An advisory committee last year found that Zynquista’s benefit-risk profile in type 1 diabetes was unfavorable due to cases of diabetic ketoacidosis.
Lexicon Pharmaceuticals will wait a few months more on moving Zynquista forward in type 1 diabetes, after the FDA requested more time to review the biotech’s additional submissions for the drug.
Following a complete response letter in December 2024, the agency granted Lexicon a type D meeting to discuss the next regulatory steps for Zynquista. In connection with this meeting, the biotech earlier this month submitted additional data from three ongoing studies to support the risk-benefit profile of Zynquista in this indication.
The FDA was originally supposed to give its feedback from the type D meeting by the end of this month but has now pushed that timeline back into the fourth quarter, according to Lexicon’s news release on Monday.
Designed to be taken alongside insulin, Zynquista is an oral drug that Lexicon is proposing for improving glycemic control in patients with type 1 diabetes. Its active ingredient, sotagliflozin, is a dual inhibitor of the SGLT2 and SGLT1 proteins, both of which play key roles in glucose absorption in different organs: The former acts on the kidneys while the latter exerts its effects on the gastrointestinal tract. Sotagliflozin won the FDA’s blessing in May 2023 for heart failure, for which it is marketed as Inpefa.

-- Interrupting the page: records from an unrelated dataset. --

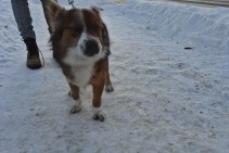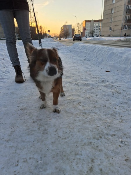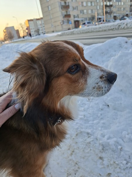 Rēzeknē, 17.01.2026. Lubānas un Dzelzceļnieku ielu rajonā klaiņojošs suns, ir kaklasiksna, žetona nav. Ļoti draudzīgs suņu puika.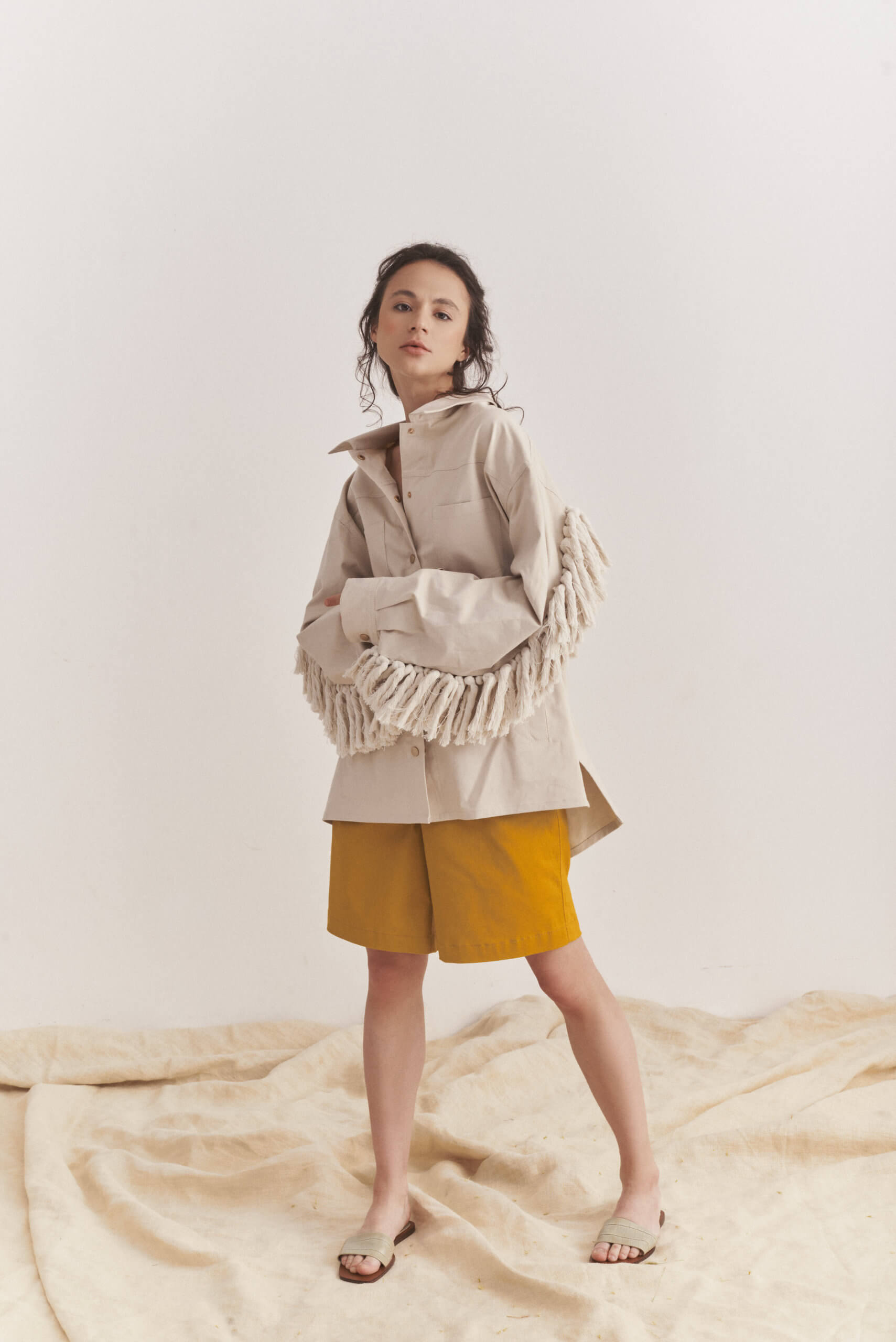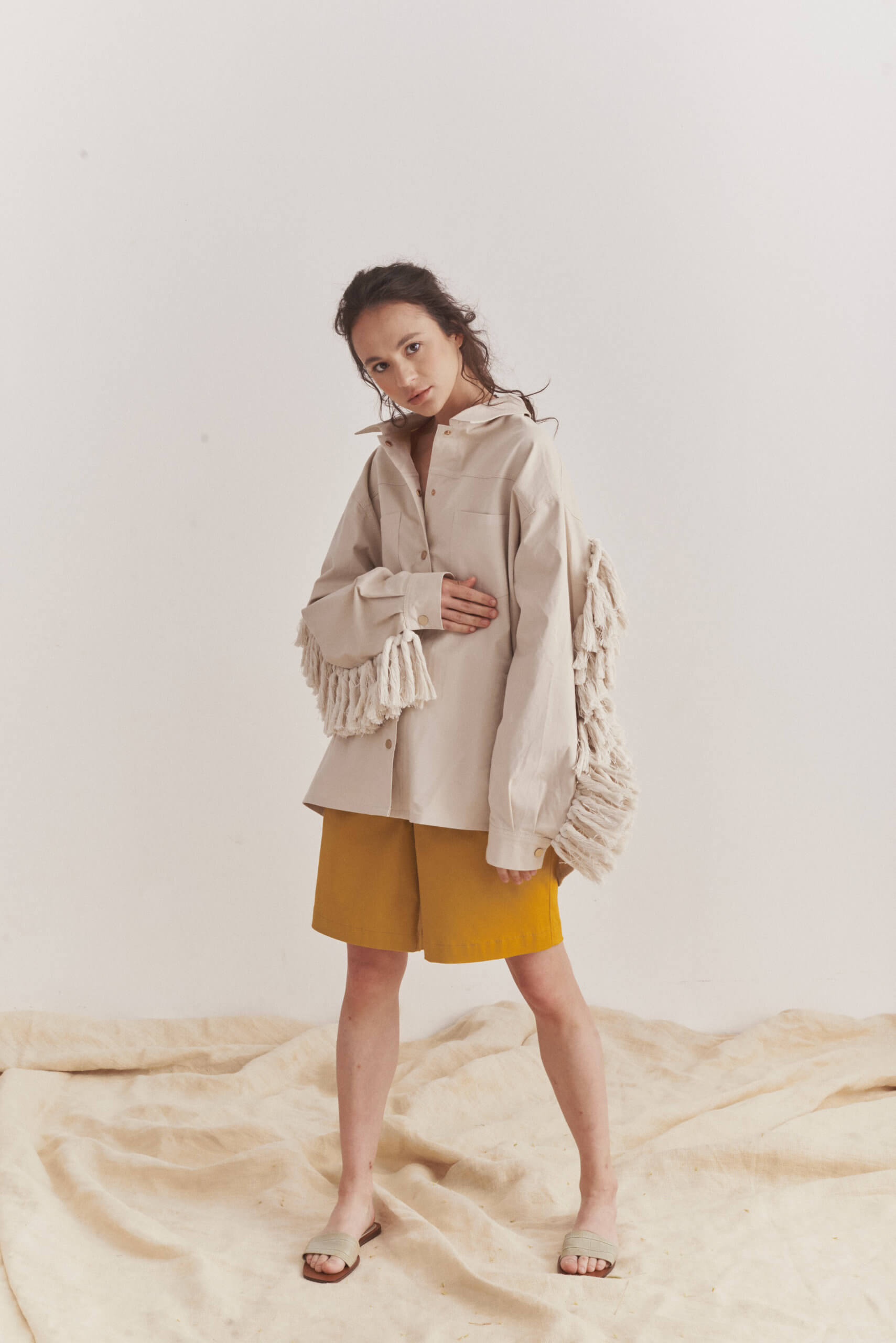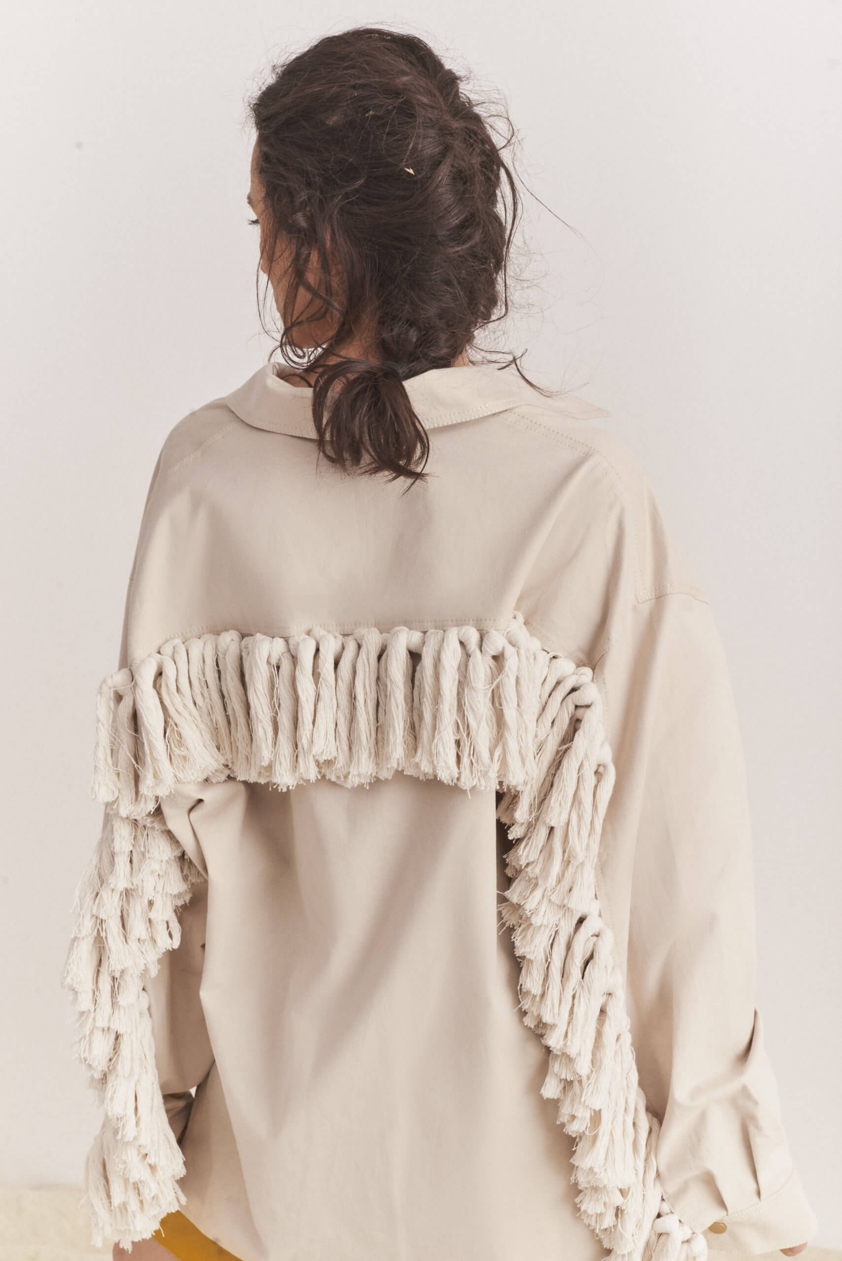 Куртка з бахромою з бавовни. Бахрома зроблена вручну. Куртка прямого силуету на кнопках.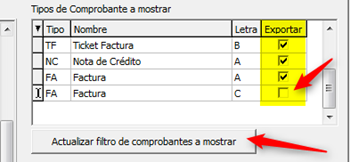 En el listado se muestran los “Tipos de comprobantes” de los comprobantes existentes en Visual IVA en el período activo, permitiendo desmarcar el Tipo de comprobante que no desee exportar a ARCA. Luego de marcar o desmarcar un Tipo de comprobante, se debe presionar el botón “Actualizar filtro de comprobantes a mostrar” para actualizar la lista.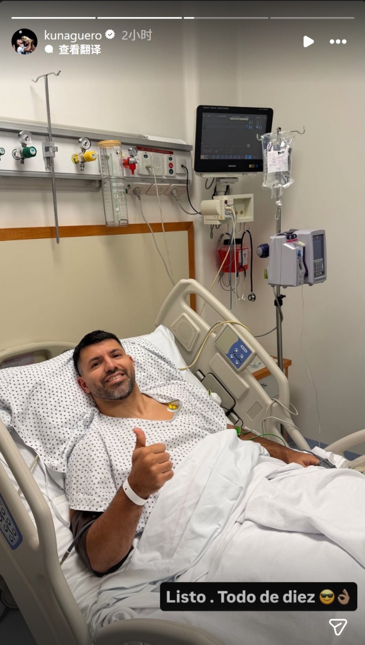 >阿圭罗社媒晒照确认手术成功:搞定了,一切都很顺利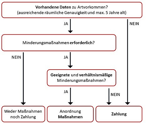 Liegen den soeben dargestellten Anforderungen entsprechende Daten vor, hat die Behörde auf Grundlage dieser Daten zunächst zu prüfen, ob Minderungsmaßnahmen erforderlich sind. Ist das nicht der Fall, bedarf es weder entsprechender Maßnahmen noch einer Zahlung. Andernfalls sind geeignete und verhältnismäßige Minderungsmaßnahmen anzuordnen. Fehlt es an geeigneten und/oder verhältnismäßigen Maßnahmen, so ist eine Zahlung zu leisten.

Its path in diabetes, however, has yet to bear fruit. In October 2024, the FDA’s Endocrinologic and Metabolic Drugs Advisory Committee came together to discuss Lexicon’s application—and handed the biotech a decisive defeat. Voting 11–3, the panel of external experts found that Zynquista’s benefits in type 1 diabetes do not outweigh its risks, according to reporting from Fierce Pharma at the time, pointing to an elevated risk of diabetic ketoacidosis.
The FDA followed the recommendations of its advisors months later, handing Lexicon a complete response letter. The biotech had anticipated the rejection and a few days prior had discontinued launch preparations for Zynquista.
Monday’s FDA delay comes after Lexicon last week released post-hoc data for its non-opioid painkiller pilavapadin, supporting its decision to advance the asset into Phase III despite a failed mid-stage trial. The Phase IIb PROGRESS trial focused on patients with diabetic peripheral neuropathic pain and in March this year failed to show a “lack of separation” versus placebo in terms of pain outcomes.